The planned cuts should be decided by the second quarter of 2019, the spokeswoman said. It reflects Mr. Hackett’s “desire to have an organization that is moving faster, and part of that comes from having a flatter” management structure, she said.
“The reorganization will result in headcount reduction over time and this will vary based on team and location,” the company’s statement said.
The restructuring comes amid mounting questions from investors and analysts, who have been pressing Mr. Hackett for more details on his plans to revitalize the company. Ford’s share price is stuck at a multiyear low and its profits have been sliding at a time when General Motors Co. and other rivals have remained strong.
Ford shares closed Friday at $9.12, down 27% for the year.
It is unclear if the reductions would be achieved by buyouts, layoffs or a combination of the both
Since he took the top job in May 2017, Mr. Hackett has emphasized improving Ford’s overall “fitness” by cutting costs and streamlining the way it engineers and builds cars. Ford is targeting $25.5 billion in cuts through 2022.
Separately, Ford has said it plans about $11 billion in restructuring costs over the next three to five years. Analysts expect many of those cuts to come in overseas businesses that have struggled in recent years, including Europe and South America.
The Ford spokeswoman said the company wanted to let workers know in advance about the plans because the reorganization is going to be fairly visible and is meant to be a participatory process. Each layer of management will be tasked with restructuring their own group, she added.

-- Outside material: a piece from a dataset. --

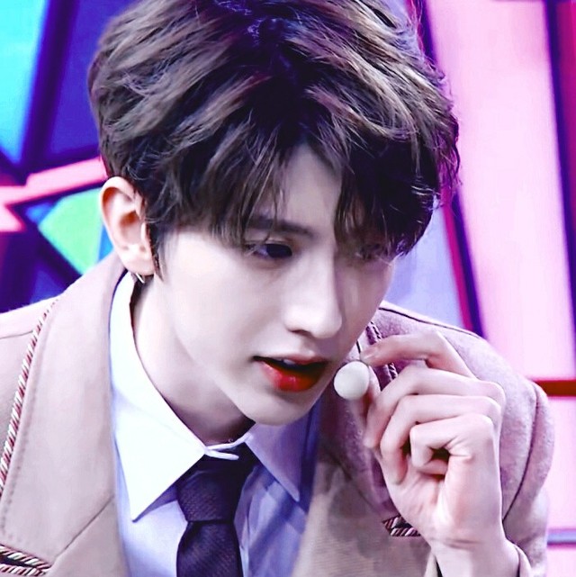 化妆师在顾茗酒脸上弄了一会就去弄头发了,蔡徐坤悄咪咪的走过来望着镜子里的顾茗酒。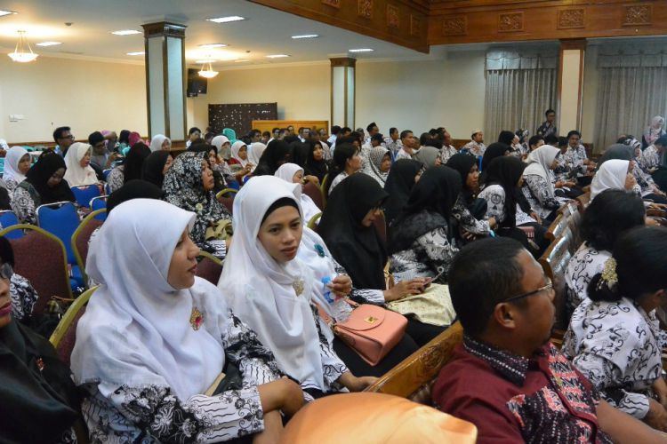 Ratusan guru saat menghadiri peringatan hari guru dan HUT PGRI di ruang Mranti kantor bupati beberapa waktu lalu. ©2017 Merdeka.com

“It is important to be transparent with the workforce,” she said. “This is a whole new process. We’ve never done it like this before.”
David Whiston, an auto analyst with Morningstar Inc., said Ford could be trying to ease the shock of job losses down the road or hoping some people will leave early.
“Hackett is under a lot of scrutiny from Wall Street right now,” Mr. Whiston said. “Action needs to be taken to fulfill this restructuring plan.”
While Ford underwent a massive restructuring under former CEO Alan Mulally, costs have climbed in recent years as it has added headcount and stepped up spending on engineering and development. Ford’s global workforce, including factory workers, totaled 202,000 last year, up 18% from 2012.
In the critical area of engineering, research and development, Ford’s $8 billion budget last year outpaced GM’s by nearly 10%, even though GM sells far more cars globally and has more advanced electric cars.
Ford offered buyouts last year aiming to trim 1,400 jobs, but Mr. Hackett has pushed for deeper cuts since taking over as CEO.
Ford has said the restructuring will target areas of its business that aren’t generating a decent return so it can deploy more capital to its most profitable business lines, most notably trucks and sport-utility vehicles in North America. It has been losing money in Europe and South America, and swung to a loss in China during the second quarter.
During Ford’s second-quarter conference call with analysts, Morgan Stanley analyst Adam Jonas criticized Mr. Hackett for not spelling out to investors more specific moves he plans to make to boost Ford’s performance. Mr. Jonas even questioned whether Mr. Hackett expected to still have his job by the time the company was ready to disclose more about its plans.
“Hell yes,” the CEO responded. “I expect to be in front of everybody, declaring where we’re going and what we want to get done.”